At a recent Dyslexia Scotland Adult Network (Stirling) Meeting, we were discussing how difficult it is to organise our lives and homes on top of jobs, studying and/or family life.
These problems are by no means limited to us dyslexics (but our non-linear [often nonverbal] brains don’t help matters). I have also recently joined some local stitching clubs, and it was a friend in one of these that gave me the following idea. She said that she rewards herself monetarily for the tasks she does each day.
I thought this was a great idea and started using her idea. I reward myself 1p for things like every page I read, every 30mins I walk, every item I iron, and every item I put away in a drawer or hang up (I used to have huge piles of clothes everywhere because I thought, I’d forget anything I couldn’t see).

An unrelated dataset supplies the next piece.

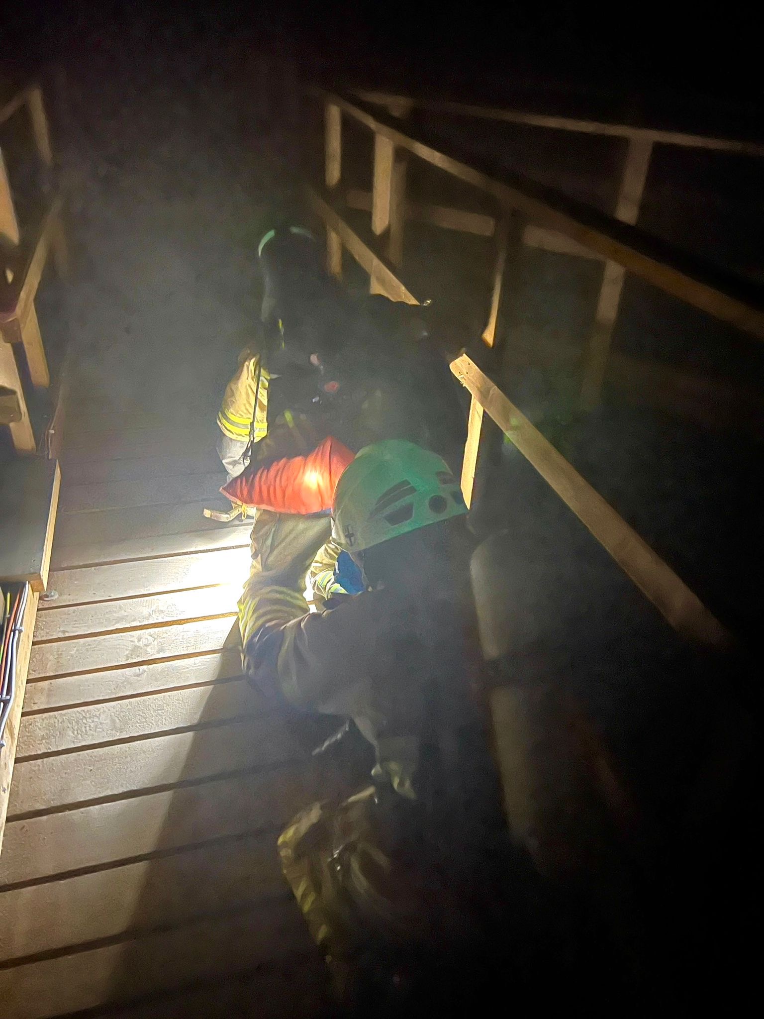 In schweißtreibender Arbeit wurden beide vermissten Personen durch die Angriffstrupps in einen sicheren Bereich des Turmes gerettet, dort medizinisch erstversorgt und im Anschluss zur Übergabe an den Rettungsdienst ins Freie verbracht.

The following is a photo of how I keep a record of what I have done each day:
I have found this can be a good way to plan out a day. Without having to time everything out (which is something I cannot do, I don’t seem to know how long things will/should take me to do). I have found if I am having trouble starting in the morning: I get the pad out and write out a table, listing the tasks I have been putting off or I know need doing. And then somehow it’s a wee bit easier to get started.
AND yes I know the lines aren’t straight! I gave up trying to use a ruler, it was just too much hassle. And it’s not like anyone else will need to see it (other than an outside chance I feel the need to show my husband).
Also, due to the fact that I also reward myself for every room I hoover, or every window I wash, or every piece of furniture I polish; I can keep track of how often and/or frequently I do these tasks, that aren’t daily tasks but need done on a semi regular basis. So, if I’m sitting thinking about when I last did a task, I can just flip back and get a definite answer.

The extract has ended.